### Exercise materials
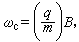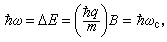 称为回旋角频率。如果在垂直B的平面内加上高频电场E(ω)(ω为电场的角频率),并且ω=ωc,则这带电粒子将周期性地受到电场 E(ω)的加速作用。因为这与回旋加速器的作用相似,故称回旋共振。又因为不加高频电场时,这与抗磁性相类似,故亦称抗磁共振。当v垂直于B时,描述这种共振运动的方程是d(mv)/dt=q(vB),若用量子力学图像描述,可以把回旋共振看作是高频电场引起带电粒子运动状态在磁场中产生的朗道能级间的跃迁,满足共振跃迁的条件是:
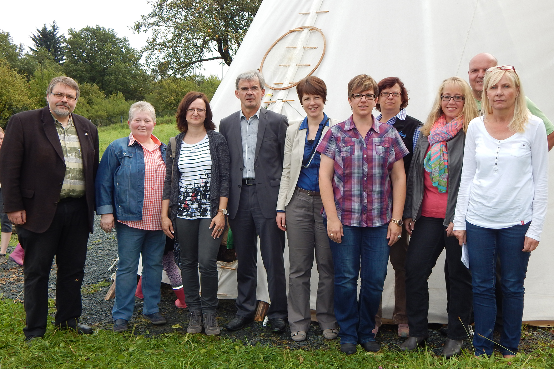 BildmaterialBild 1: Strahlen zur Einweihung des Tipis: Einige der Spender mit dem Rittal Gesamtbetriebsratsvorsitzenden Markus Betz in der Mitte und KiTa-Mitarbeiterin Kirsten Werner (rechts).
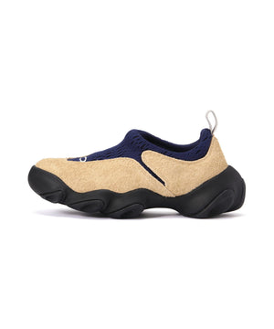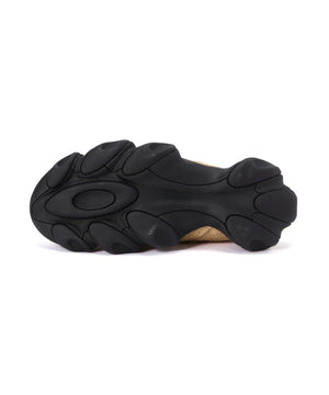 流線形のラインとうねるようなカーブが特徴のアッパーは、スリッポンの持つ可能性をユニークな視点で表現しています。
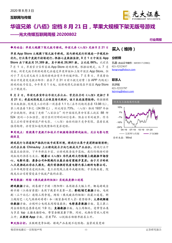 【光大证券】【20200803】光大传媒互联网周报:华谊兄弟《八佰》定档8月21日,苹果大规模下架无版号游戏-12页
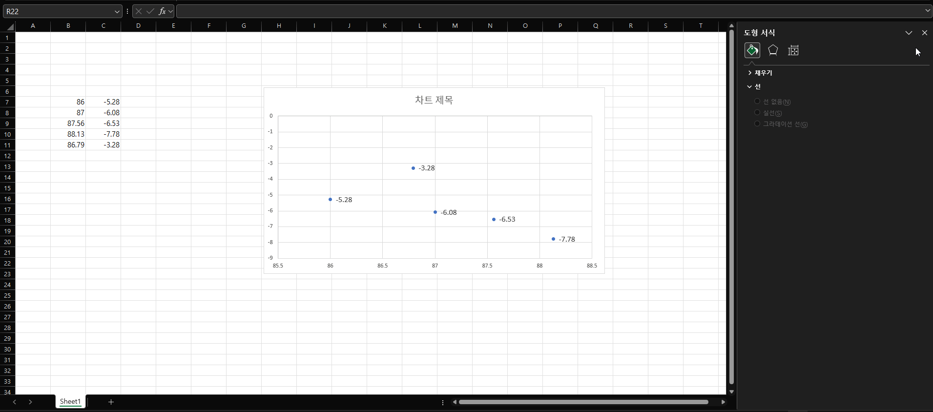 예를 들어 아래와 같이 분산형 차트를 그렸다고 가정했을 때
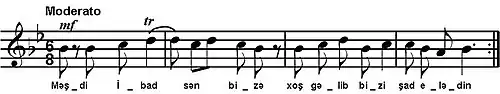 The parody portrait of this unlucky groom is continued in subsequent passages; for example, the traditional melody "Darchiny" becomes a comic song for Mashadi Ibad and Rustam bey in duet. This melody is also now known as "Mashadi Ibad".[13] Another duet of Mashadi Ibad with Rustam bey is pompous and march-like, suggesting the smug merchant.
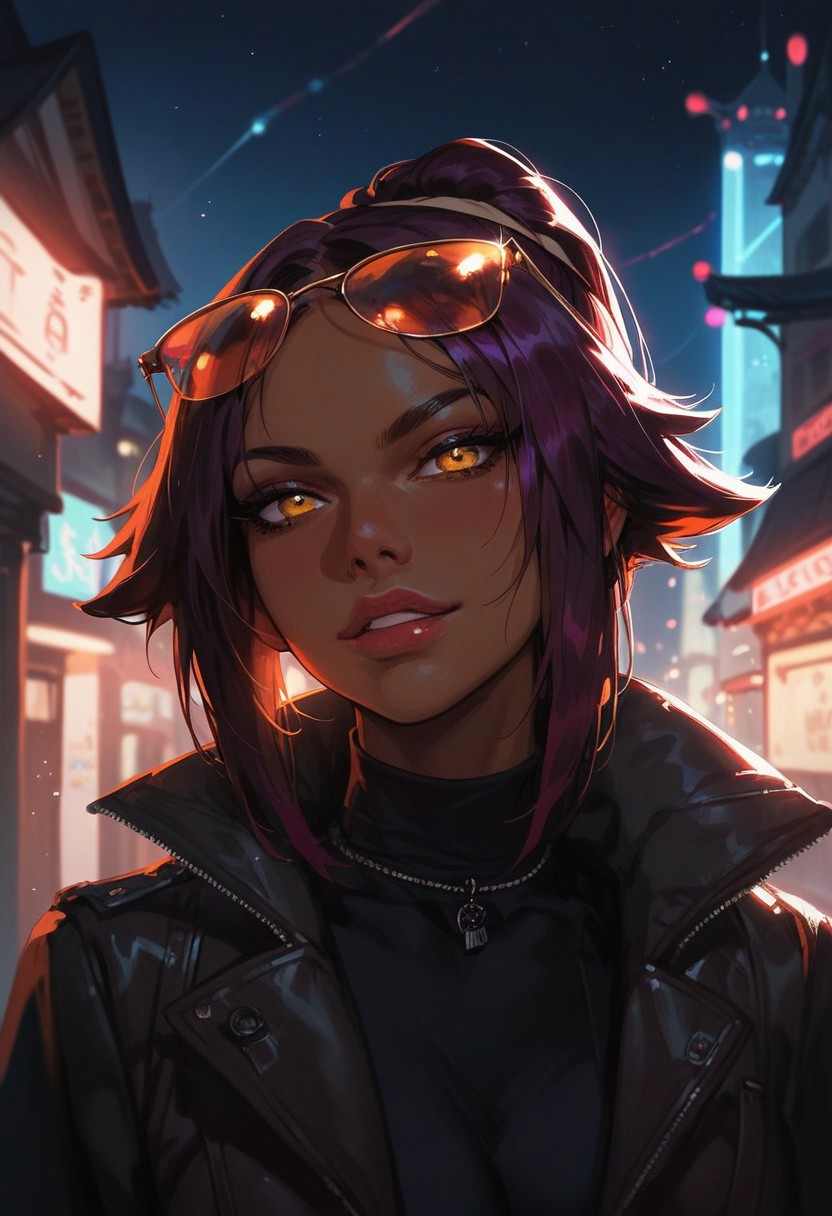 score_9, score_8_up, score_7_up, score_6_up, masterpiece, best quality, 1 female, yoruichi shihouin, dark skinned female, outdoors, night, city, ,g0thicPXL, glowing, neon, aviator sunglasses
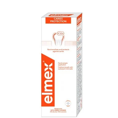 Полезна за предотвратяване на кариеси, водата за уста Елмекс укрепва емайла и оставя зъбите безупречно чисти. Обогатена с аминофлуорид, който укрепва и реминерализира емайла. Клинично тествана. Подходяща за ежедневна орална хигиена на цялото семейство. Предлага се в опаковка от 400 мл.
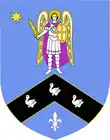 Description: Au chef à l’archange (Saint Michel) et une étoile à sept rais d’or, en dextre; Sur un chevron borduré d’or, à 3 merlettes d’argent mal ordonnées; une Fleur de Lys d’argent, en pointe[53] |
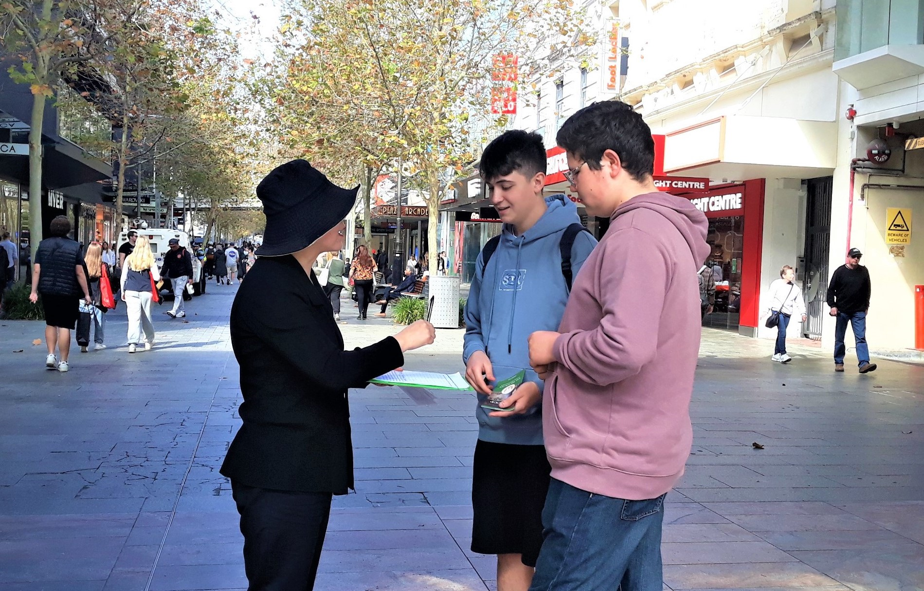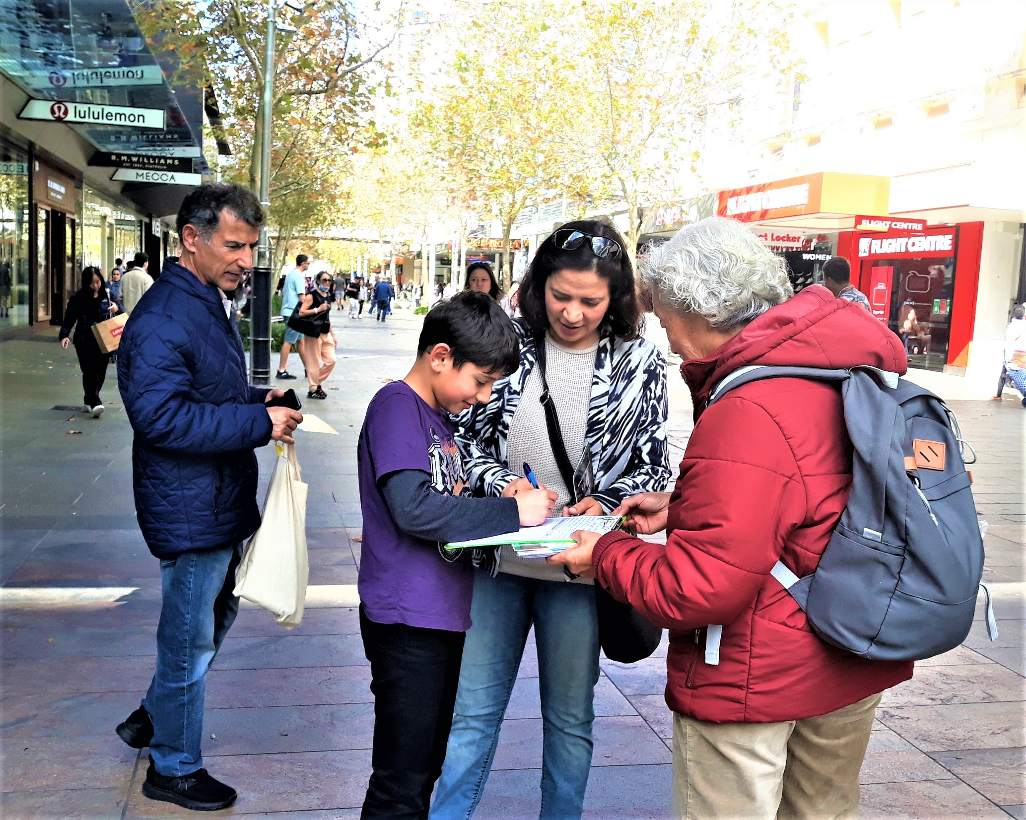 ![]() 图3~5:珀斯民众向法轮功学员了解真相 |
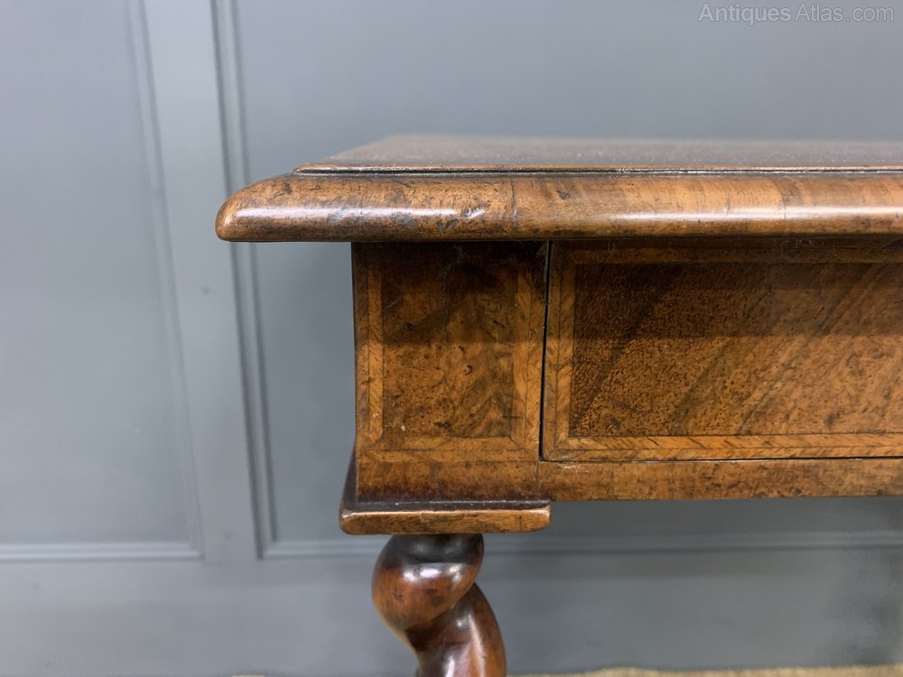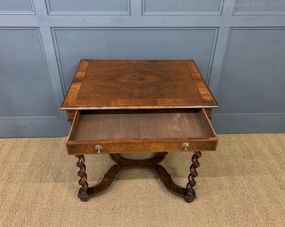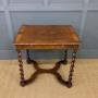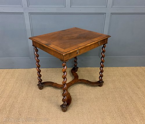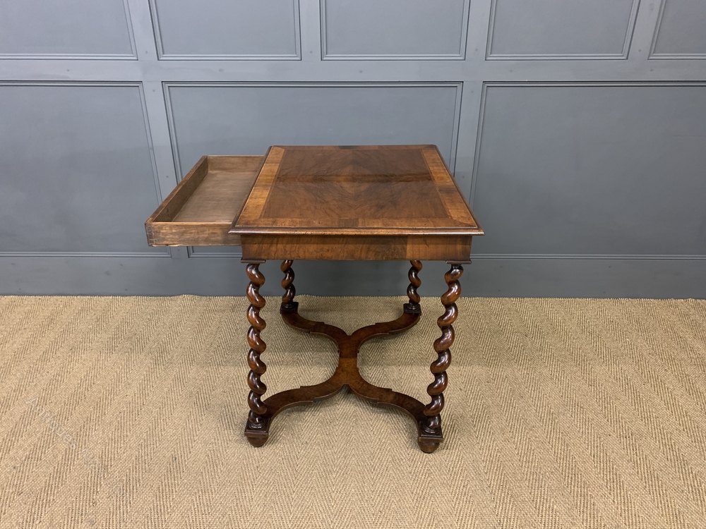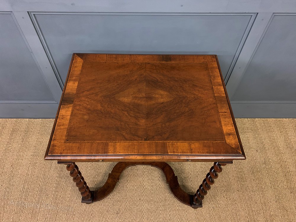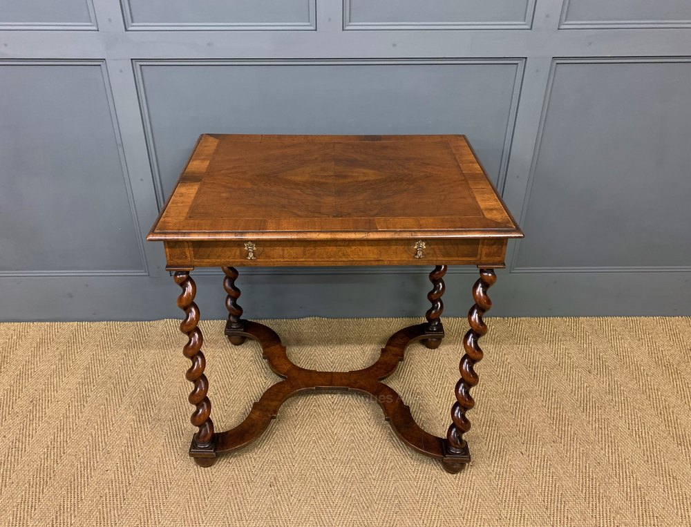 A charming 19th century burr walnut lamp, or side, table in the William and Mary style. Of very good construction in solid walnut with attractive burr walnut veneers onto an oak carcas. The rectangular top is cross banded and inset with feather and dart inlay. This inlay continues to the drawer front. With a single drawer to the freeze fitted with its original solid brass drop handles. All standing on splendid barley twist legs , terminating in bun feet and united by a wavy form x frame under stretcher. Sympathetically refinished in our workshops and now offered for sale in excellent condition with a warm colour and patina, ready to go straight into the home.
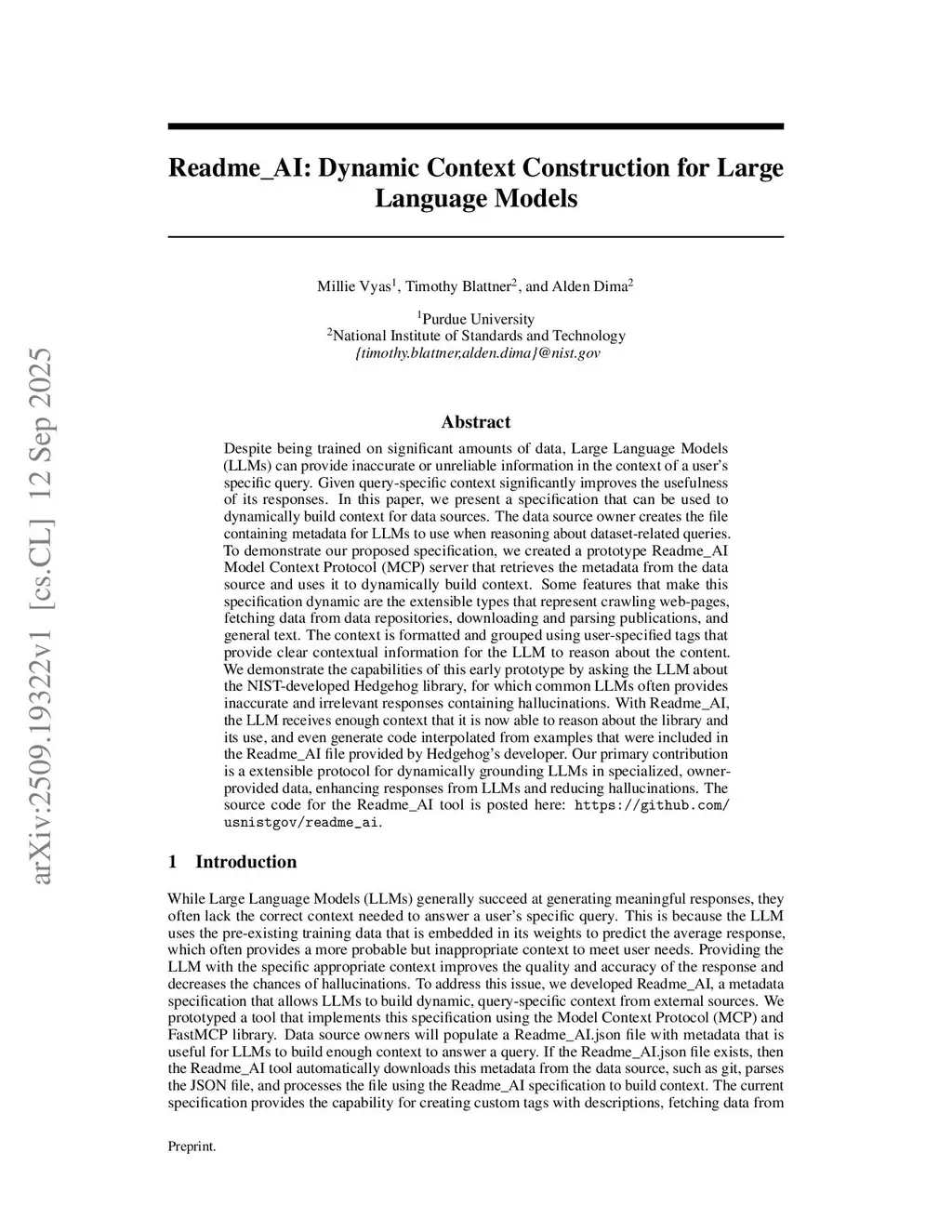 Despite being trained on significant amounts of data, Large Language Models (LLMs) can provide inaccurate or unreliable information in the context of a user's specific query. Given query-specific context significantly improves the usefulness of its responses. In this paper, we present a specification that can be used to dynamically build context for data sources. The data source owner creates the file containing metadata for LLMs to use when reasoning about dataset-related queries. To demonstrate our proposed specification, we created a prototype Readme_AI Model Context Protocol (MCP) server that retrieves the metadata from the data source and uses it to dynamically build context. Some features that make this specification dynamic are the extensible types that represent crawling web-pages, fetching data from data repositories, downloading and parsing publications, and general text. The context is formatted and grouped using user-specified tags that provide clear contextual information for the LLM to reason about the content. We demonstrate the capabilities of this early prototype by asking the LLM about the NIST-developed Hedgehog library, for which common LLMs often provides inaccurate and irrelevant responses containing hallucinations. With Readme_AI, the LLM receives enough context that it is now able to reason about the library and its use, and even generate code interpolated from examples that were included in the Readme_AI file provided by Hedgehog's developer. Our primary contribution is a extensible protocol for dynamically grounding LLMs in specialized, owner-provided data, enhancing responses from LLMs and reducing hallucinations. The source code for the Readme_AI tool is posted here:this https URL.
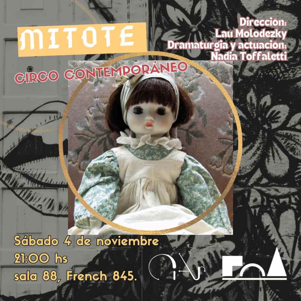 Mitote es una obra de circo contemporáneo. El mitote para los Toltecas es un virus de mil voces que hablan al mismo tiempo en la mente. Chismes, convicciones sociales, habladurías, estereotipos hegemónicos femeninos. La pieza tiene 20 minutos de duración y el equipo de la puesta está integrado por dramaturgia y actuación, Nadia Toffaletti; dirección, Laura Molodezky y maquillaje, Nur Goitia.
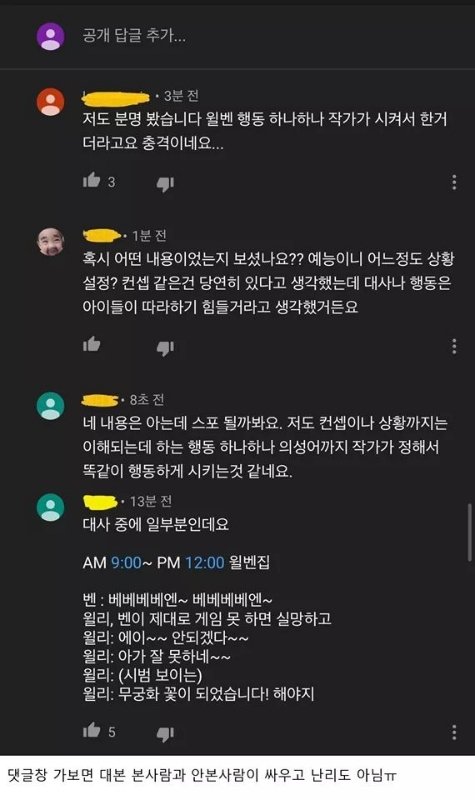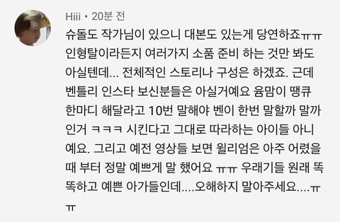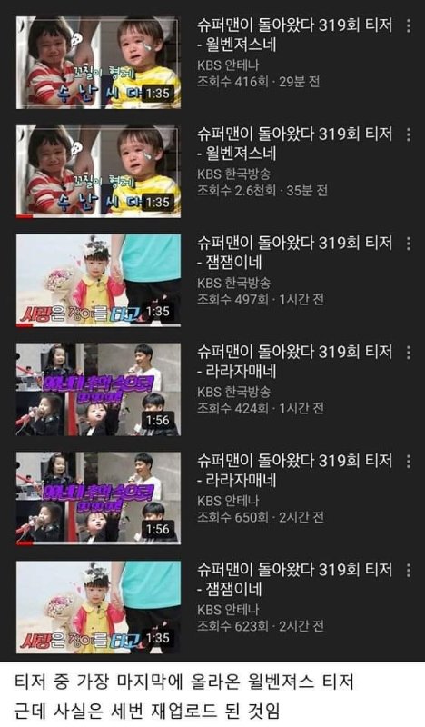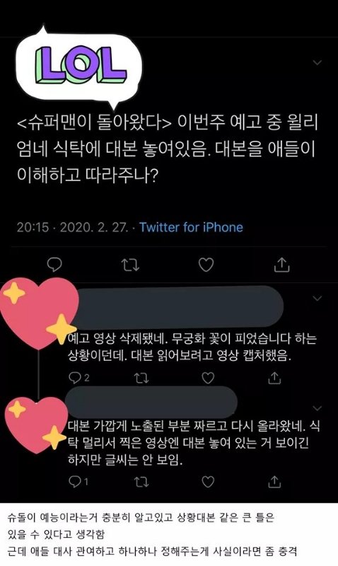 와 ㅋㅋ 이거 봐봐.. 나 진짜 슈돌 좋아했는데 이거 보고 이제 슈돌 못 볼것같아. 여태까지 애기들이 했던 행동이 순수해서 나온 행동일줄 알았는데 작가들이 대본 짠거라거 생각하면 못봐주겠다. 윌리엄 혹쉬~? 좋아했는데 그것도 작가가 의도한거면 진짜 나 울어
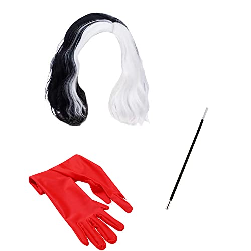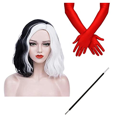 Look eccezionale: costume da donna crudele con parrucca bianca nera, Colore misto bianco e nero, più alla moda e alla moda. Guanti rossi sopra la lunghezza del gomito, adatti alla maggior parte delle persone. la collana è una perla finta, il portasigarette finto è progettato con un'asta di plastica con un terminale metallico e un inalatore di plastica bianco rimovibile. Leggero, comodo da trasportare. Le ricche forniture di costumi ti permetteranno di goderti il tempo dello spettacolo.
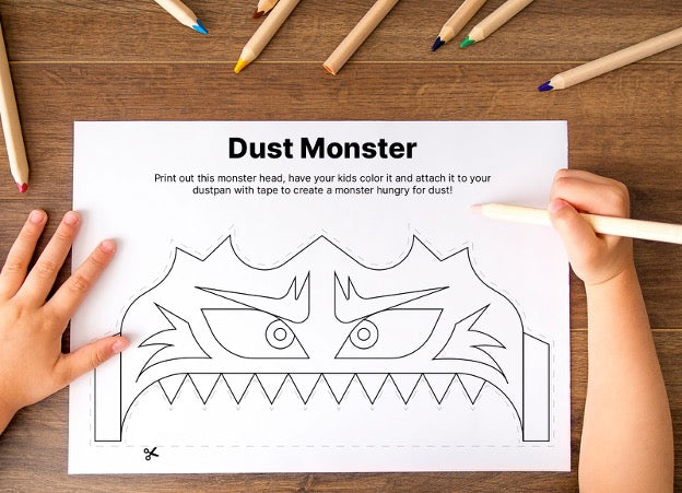 Make sweeping more interesting by turning the dustpan into a monster that is hungry for dirt and dust. Print out the dust monster printable, have your kids color it in then attach it to your dustpan with tape. Every time your kids sweep dirt into the pan, it’ll look like the dust monster is eating it up.
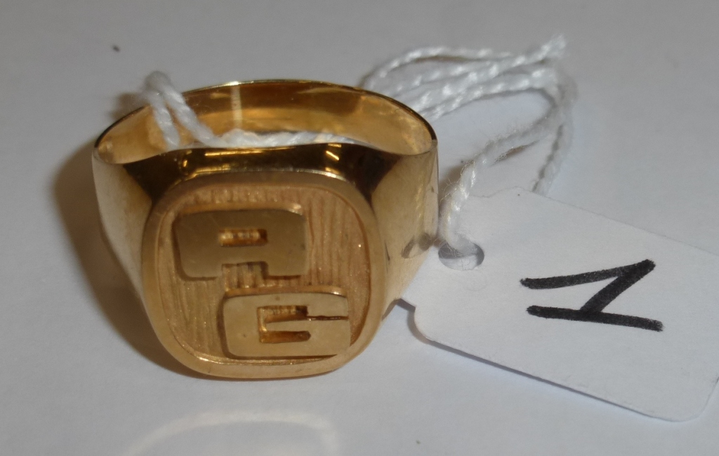 Chevalière en or jaune 18k monogrammée A.G. TDD : 64 mm - Poids : 5, 6 gr
######
## Task item
Before answering, please find the line containing "Make sweeping more" above, then copy exactly from it through the last line of the entries, both included, without pictures.

## Exercise result
 Make sweeping more interesting by turning the dustpan into a monster that is hungry for dirt and dust. Print out the dust monster printable, have your kids color it in then attach it to your dustpan with tape. Every time your kids sweep dirt into the pan, it’ll look like the dust monster is eating it up.
 Chevalière en or jaune 18k monogrammée A.G. TDD : 64 mm - Poids : 5, 6 gr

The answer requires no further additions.